UPDATE: “The Old Ones, Great and Small” can now be read, for free, at Diabolical Plots!

With great pride and pleasure, I can now announce that my story “The Old Ones, Great and Small” is now available in the Diabolical Plots Year Five collection! It will also be available to read for free on the Diabolical Plots website in March 2020.

Charles Payseur wrote a lovely QuickSip Review in his long-running short fiction review column.

Tara Grimravn also wrote a lovely review for Tangent.

Jeff Xilon had kind things to say in his Short Fiction Roundup.

A.C. Wise included this story in her “My Favorite Short Fiction of 2020” list.

Author’s Notes

Writing this story started, as is so common with a fledgling SFF writer, with being inspired by H.P. Lovecraft. Maybe it’s a burning desire to use “squamous,” “cyclopean,” or “non-Euclidean geometry” in a sentence. Maybe it’s a desire to describe the indescribable. Maybe it’s a need to respond to the xenophobia and gynophobia underpinning Lovecraft’s stories. Or maybe it’s curiosity about why and how those stories endure and continue to spawn a thousand young.

I’m not immune. To me, the horror of H.P. Lovecraft’s Great Old Ones is the Fear of the Other to the ultimate degree. Not only are his horrors shadowy and inscrutable, they are so alien as to defy understanding; the sane human mind is incapable of comprehending them. Merely knowing of them, of their scale and cosmic indifference, moves us far from the center and threatens our sense of significance. How existentially angsty!
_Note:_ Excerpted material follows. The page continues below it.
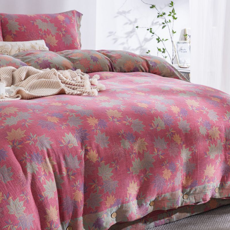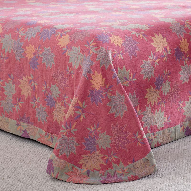 (总)双层纱家居 2026新款全棉纯棉色织提花拼角飞边款四件套-郁金花园正红,郁金花园正红
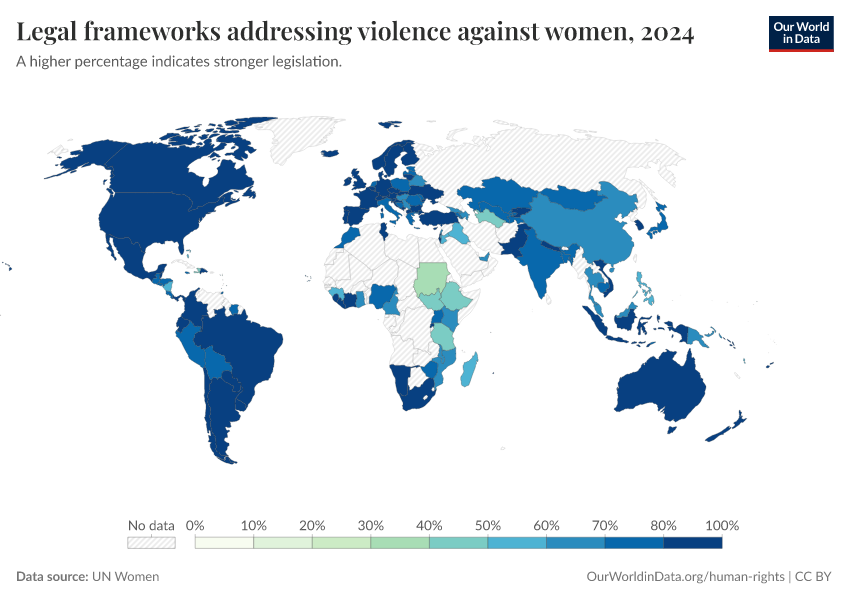 “Data Page: Legal frameworks addressing violence against women”. Our World in Data (2026). Data adapted from UN Women. Retrieved from https://ai-search-suggested-topics-k.owid.pages.dev/grapher/legal-frameworks-regarding-violence-against-women [online resource]How to cite this data

So, what if we beat them? What if humanity did what it always does in the face of an imminent, adversarial threat: girded ourselves, developed weapons and defenses, and subdued or annihilated our foe? “The Old Ones, Great and Small” takes place in the after-times. Humanity has gone into the shadows and dragged what lurked there out into the light. We’ve caged them, studied them, and even forced them to perform for us. Now, once we’ve gotten past our fear, how do we see the Ultimate Other? Is it much different from how we’ve evolved on all the other Others we feared?

I read that the original concept pitch for the movie Jurassic World described a scene where a bored teenager takes a selfie with a Tyrannosaurus Rex. I love that notion. I’ll never forget the sense of wonder from the original movie, when they first see the Brachiosaurus stand on it’s hind legs to reach a treetop. But years later… Ho hum. Kids these days, right?
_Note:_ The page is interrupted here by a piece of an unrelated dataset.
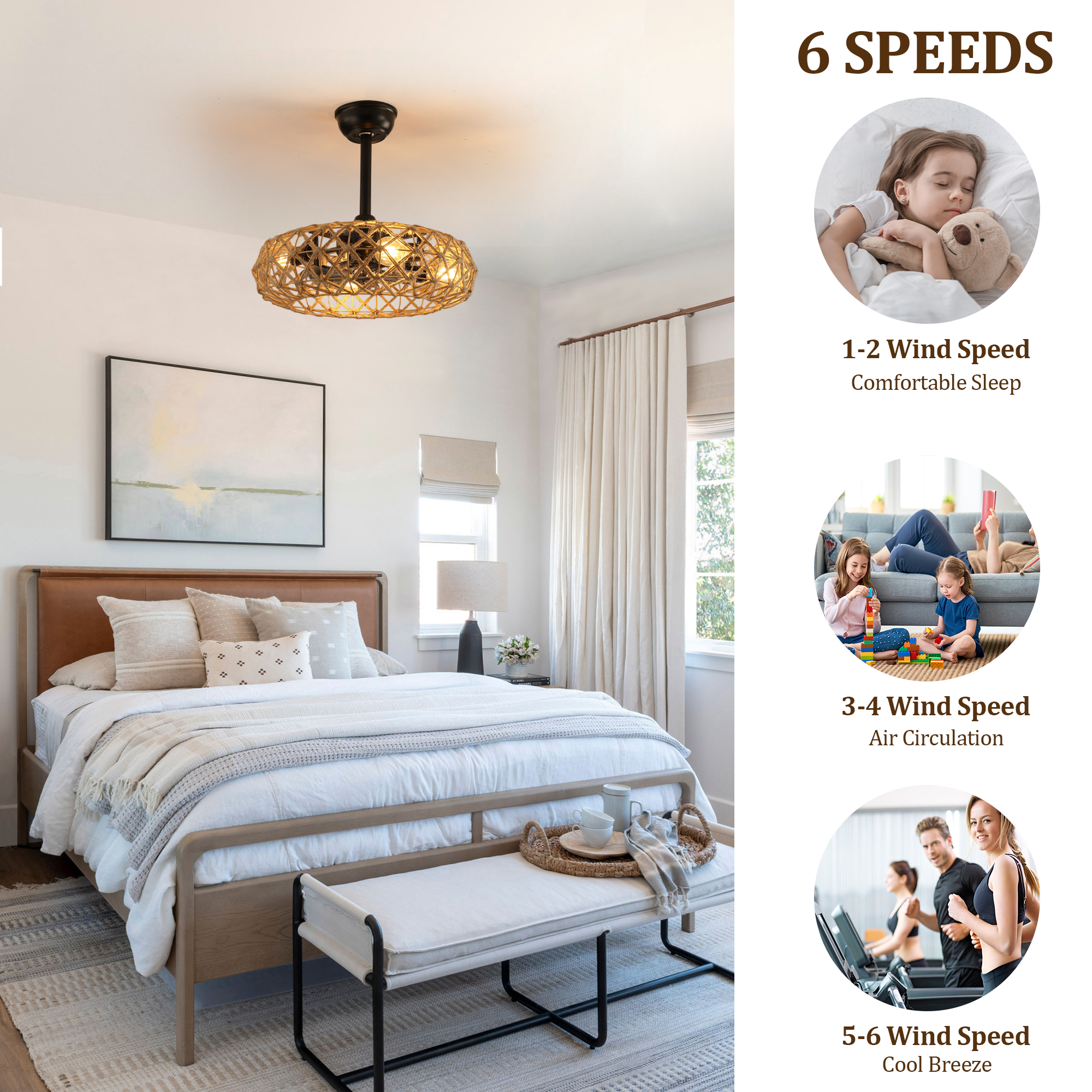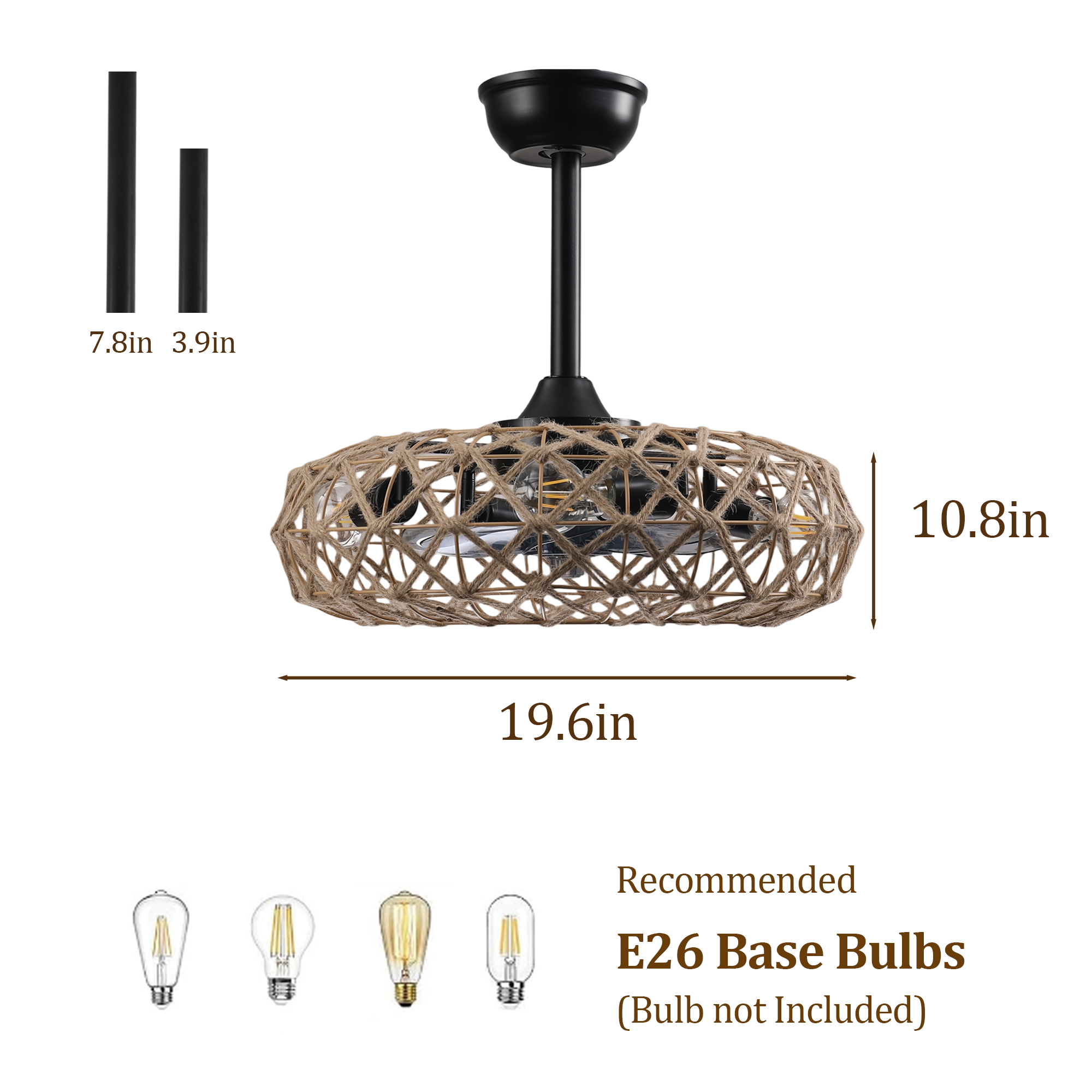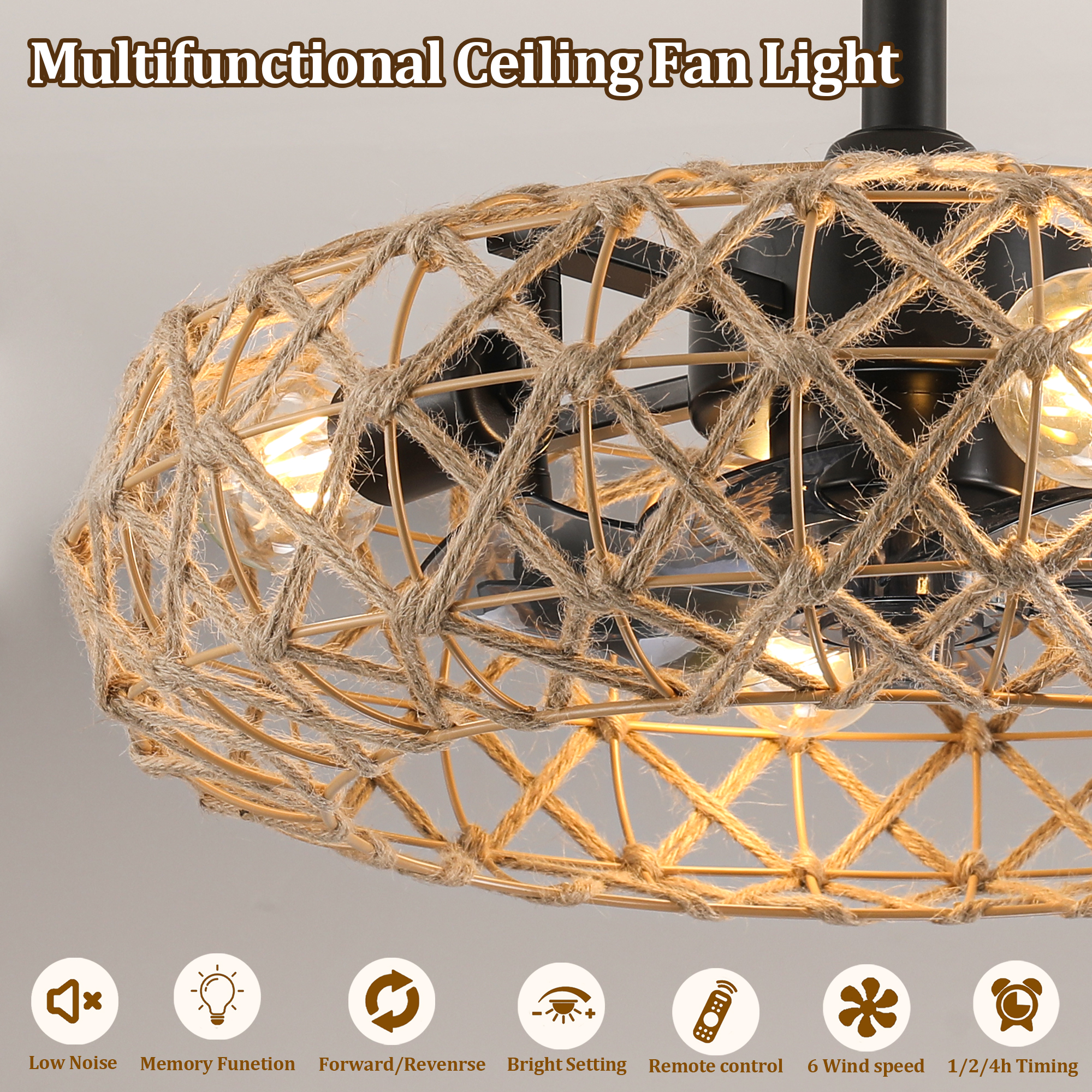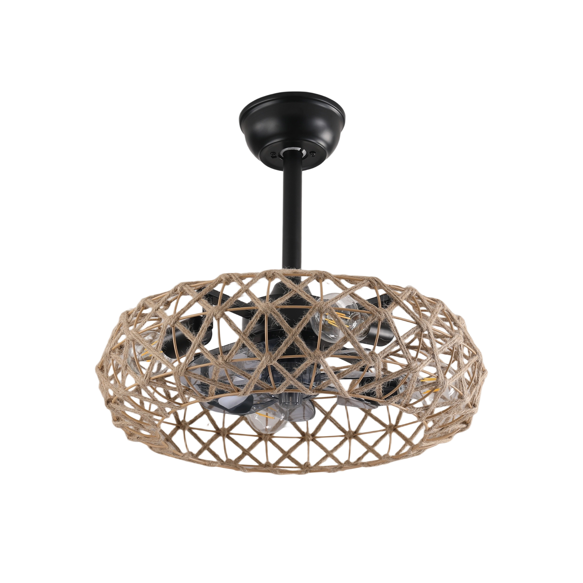 19" Hemp Rope Woven Ceiling Fan with 4 bulbs, Dimmable, 7 Blades, Reversible DC motor.

Of course the protagonist of my story would be an old man. Not the sort to take selfies. A brooder, a park bench philosopher. And in a short story, I didn’t have to make a Lovecraftian Jurassic Park in three acts, complete with escaping, rampaging monsters (as fun as that could be) and a cautionary message. The story could focus on a smaller, quieter concern. Like where the sense of terror (and wonder) had gone–and whether it could ever be rediscovered.